The new Responses API is a step in the right direction, especially with the built-in “handoff” functionality.
For agentic use cases, the new API still feels a bit limited, as there’s a lack of formal “guardrails”/state machine logic built in.
> “Our goal is to give developers a seamless platform experience for building agents”
It will be interesting to see how they move towards this platform, my guess is that we’ll see a graph-based control flow in the coming months.
Now there are countless open-source solutions for this, but most of them fall short and/or add unnecessary obfuscation/complexity.
We’ve been able to build our agentic flows using a combination of tool calling and JSON responses, but there’s still a missing higher order component that no one seems to have cracked yet.
ilaksh
The Agents SDK they linked to comes up 404.
BTW I have something somewhat similar to some of this like Responses and File Search in MindRoot by using the task API: https://github.com/runvnc/mindroot/blob/main/api.md
Which could be combined with the query_kb tool from the mr_kb plugin (in my mr_kb repo) which is actually probably better than File Search because it allows searching multiple KBs.

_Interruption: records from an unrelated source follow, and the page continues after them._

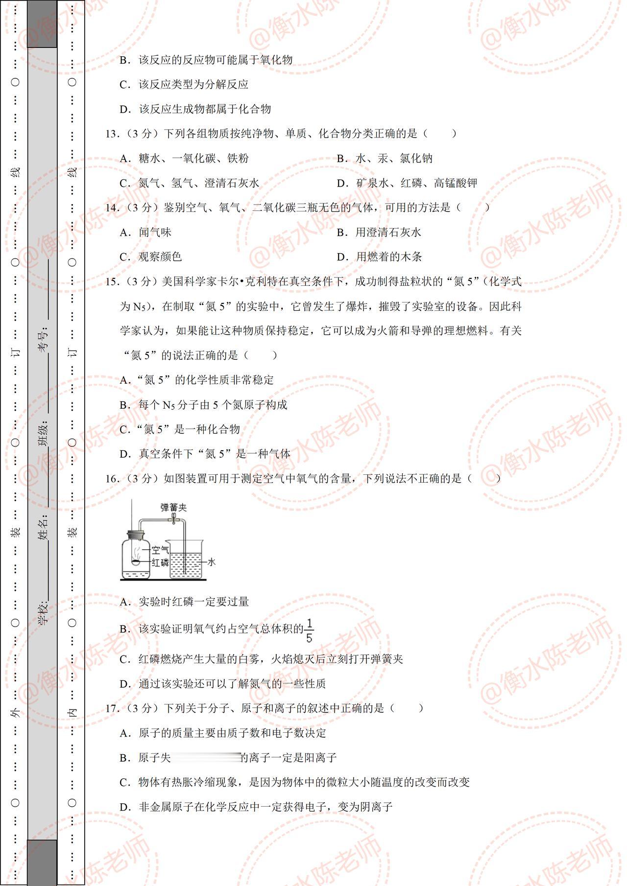九年级上学期化学,期中考试重点考题提前发给大家,考试卷根据不同的城市、版本编写的热点考题,化学月考没有考试好的同学,提前做一下自己城市对应的期中考试卷哦,让你少迷路,多挣考试分数哦。
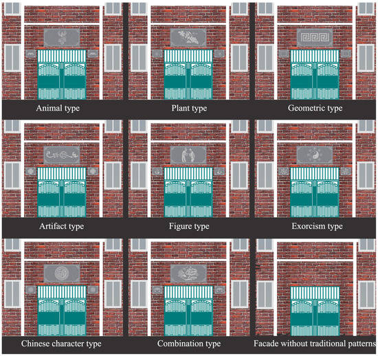 Final visual stimulus materials: the first eight are the residential entrance space facade decorated with different types of traditional architectural patterns, and the last one is the facade without any traditional pattern.
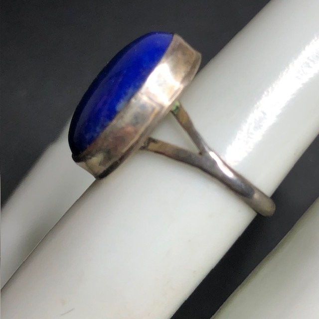 как выглядит 9212 VNTG Sterling Silver Lapis Lazuli Oval Cabochon Ring Size 5 фото
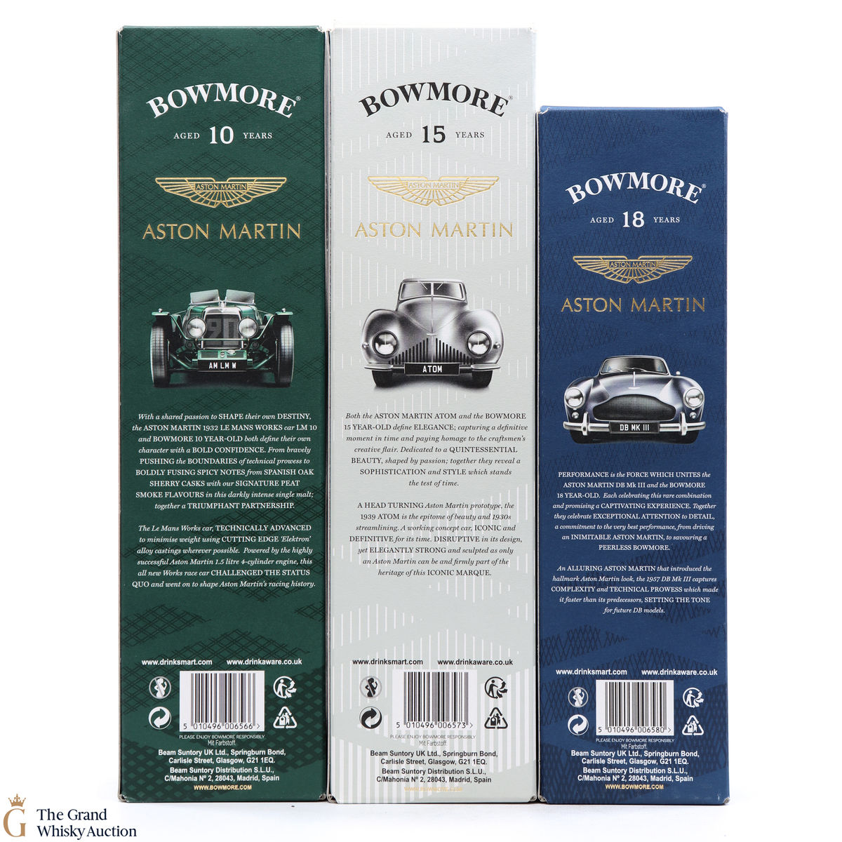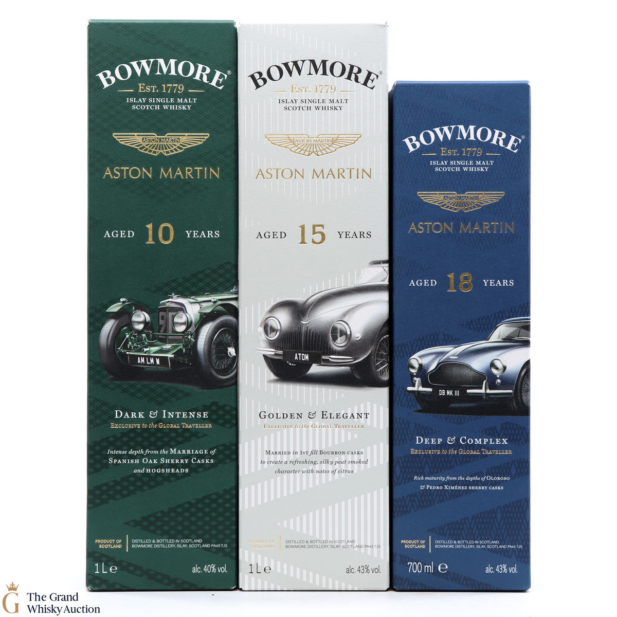 The full collection of the collaboration between Bowmore and Aston Martin, both creating timeless beauty and a lasting legacy. Each edition of the Aston Martin collection features a different car. Included in this lot is edition 1, 2 and 3:
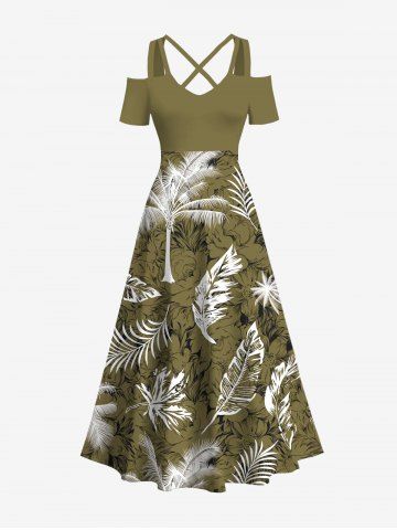 Graphic Dresses > Plus Size Coconut Tree Tropical Leaf Flower Print Hawaii Cold Shoulder Crisscross A Line Maxi Dress
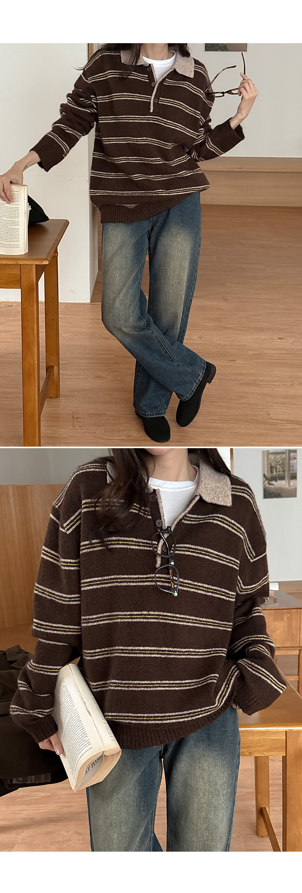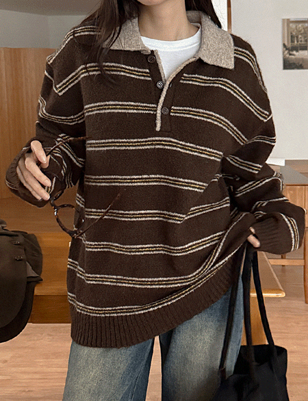 키민 条纹 领 羊毛 针织衫 84610
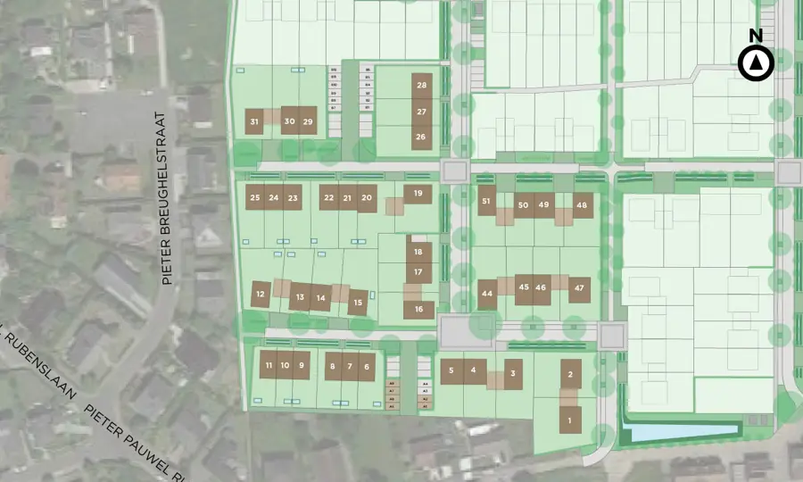 In het kader van dit project zijn onlangs meer dan 80 bomen aangeplant, wat een belangrijke bijdrage levert aan de groene uitstraling van de wijk. De zorgvuldig gekozen boomsoorten zorgen niet alleen voor schaduw en verkoeling tijdens warme zomerdagen, maar zullen ook bijdragen aan de biodiversiteit in de wijk. De bomen zullen in de komende jaren uitgroeien tot volwaardige exemplaren die het landschap van de buurt verder zullen groen & gezellig maken en een thuis bieden aan verschillende vogelsoorten. Met deze groene investering toont Matexi haar engagement voor duurzame en leefbare buurten waar mensen zich thuis voelen in harmonie met de natuur.
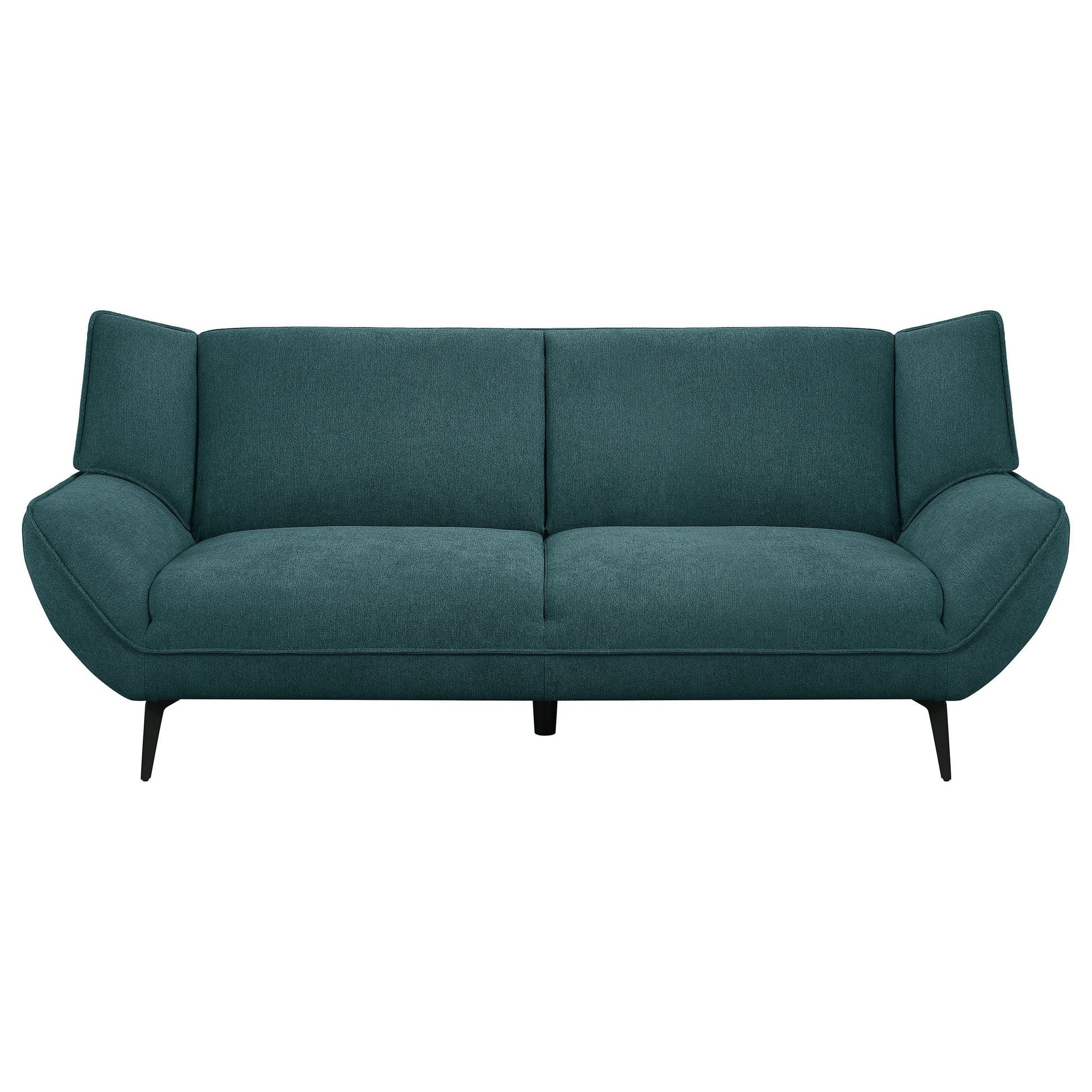 Un icónico diseño moderno de mediados de siglo quedará genial en tu sala de estar o estudio informal. Este cómodo y elegante sofá recrea elementos de diseño retro y garantiza una relajación fácil y cómoda. Su preciosa tapicería de tela verde azulado ofrece una amplia gama de opciones. Los brazos acampanados y los respaldos orejeros se fijan a los cojines fijos del asiento y el respaldo. Las patas cónicas de metal negro combinan con la hermosa tapicería verde azulado.
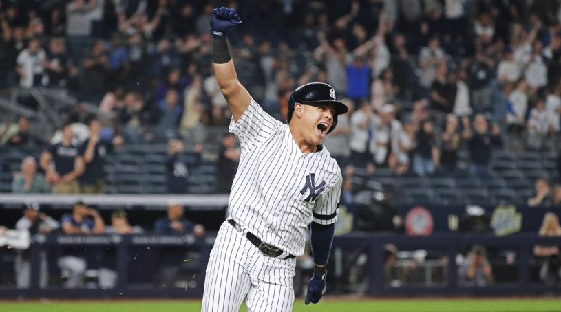 Thairo Estrada, who pinch-ran for Sánchez, scored on a wild pitch during Cameron Maybin‘s pinch-hit at-bat. Three pitches later, Urshela caught up to a 99 mph sinker from Alvarado to send the Yankees and the Bronx faithful home happy.
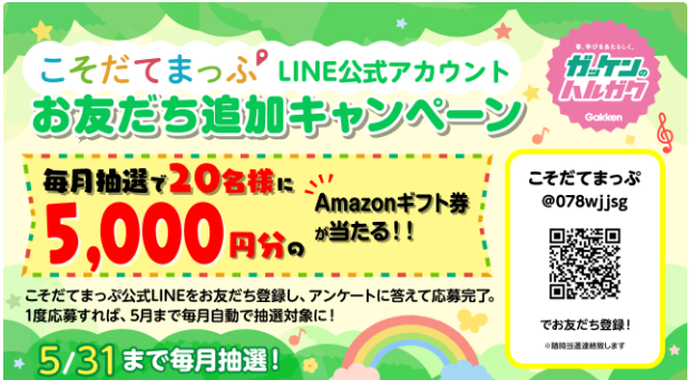 ガッケンのハルガク2023「こそだてまっぷLINE公式アカウントお友だち追加キャンペーン」毎月20名様に5,000円分のAmazonギフト券が当たる!! (応募最終〆切5/31)
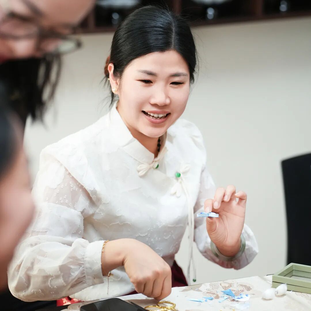 为了让与会嘉宾更加直观地感受非遗文化的魅力,本次活动特别设置了非遗盘扣制作体验环节。在专业老师的指导下,大家纷纷动手体验,于一针一线间,感受着传统手工艺的精妙与乐趣。
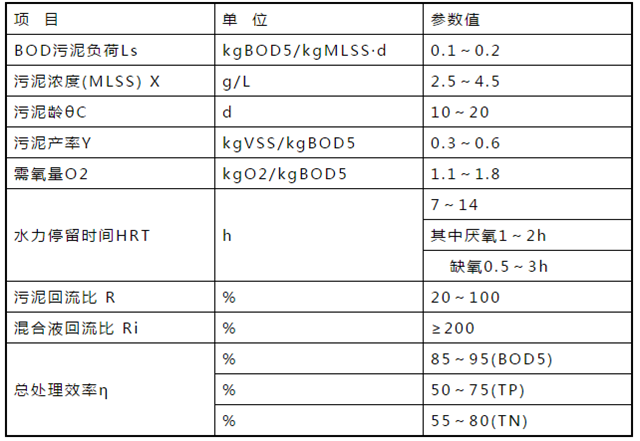 生物脫氮除磷的主要設計參數
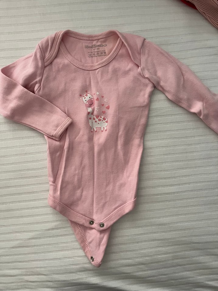 Pembe uzun kollu, yuvarlak yakalı bebek body. Önde çıtçıtlı ve sevimli zürafa baskılı. Pastel tonlarda.
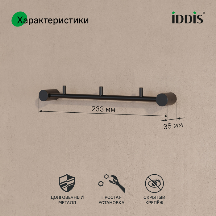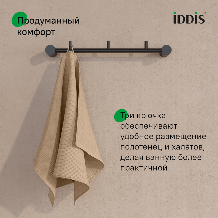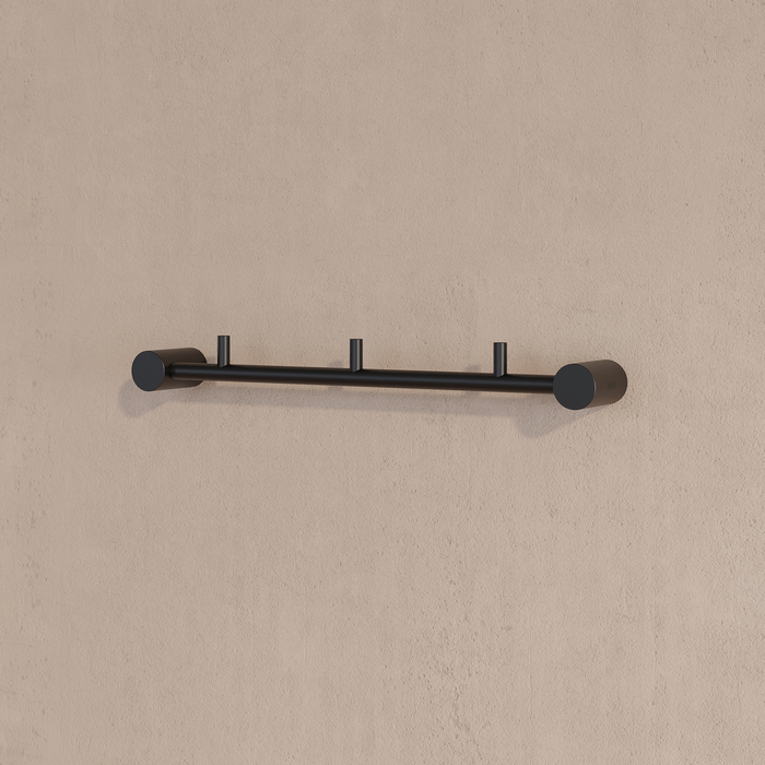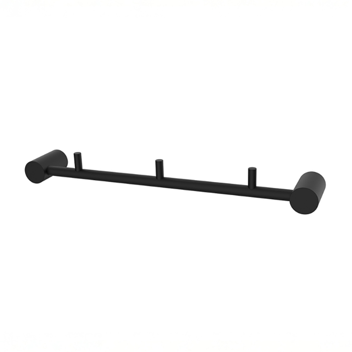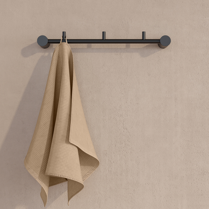 Планка с тремя крючками Petite в чёрном матовом цвете позволит с комфортом разместить несколько банных полотенец и халатов, дополнив места для хранения в ванной. Основной материал – нержавеющая сталь, что позволяет эксплуатировать аксессуары во влажном помещении ванной и даже в жёсткой воде на протяжении длительного времени. Повышенная стойкость к бытовой химии и механическим повреждениям благодаря надёжному PVD-покрытию.
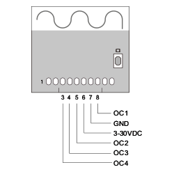 The open-collector outputs control connected devices according to the selected operating mode. The switched outputs OC1, OC2, OC3 and OC4 are permanently assigned to the button codes A, B, C and D.
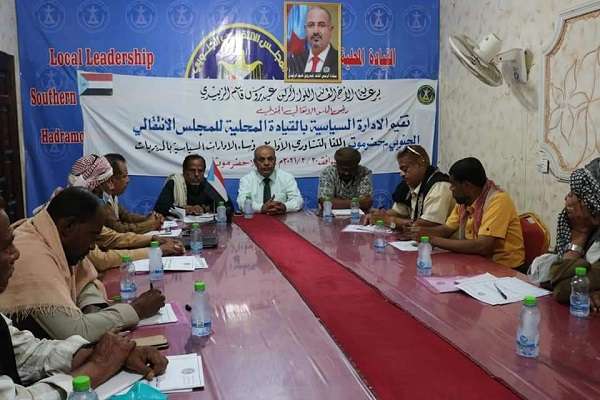 أقامت الإدارة السياسية بالهيئة التنفيذية للقيادة المحلية للمجلس الانتقالي الجنوبي بمحافظة حضرموت، اليوم السبت، بمقر الهيئة بالمكلا ، اللقاء التشاوري الأول لمديري الإدارات السياسية بالهيئات التنفيذية للقيادات المحلية للمجلس في مديريات الساحل.

Anyway, if anyone wants to help with my program, create a plugin on PR, or anything, feel free to connect on GitHub, email or Discord/Telegram (runvnc).
yablak
Loads fine for me. Maybe because I'm logged in?
IncreasePosts
That should be a 403 then. Tsk tsk open ai
29ebJCyy
Technically it should be a 401. Tsk tsk IncreasePosts.
edwinarbus
sorry, fixed link: https://openai.github.io/openai-agents-python/
I don't know how much this API churn is going to help developers who are trying to integrate OAI into real, actual, non-wrapper products. Every vendor-managed state machine that handles conversation, messages, prompt hand-off, etc., has ultimately proven inadequate, presumptive or distracting for my use cases.
At the end of the day, all I ever seem to use is the chat completion API with structured outputs turned on. Despite my "basic" usage, I am employing tool use, recursive conversations, RAG, etc. I don't see the value in outsourcing state management of my "agent" to a 3rd party. I have way more autonomy if I keep things like this local.
The entire premise of these products is that you are feeding a string literal into some black box and it gives you a new string. Hopefully, as JSON or whatever you requested. If you focus just on the idea of composing the appropriate string each time, everything else melts away. This is the only grain that really matters. Think about other ways in which we compose highly-structured strings based upon business state stored in a database. It's literally the exact same thing you do when you SSR a webpage with PHP. The only real difference is how it is served.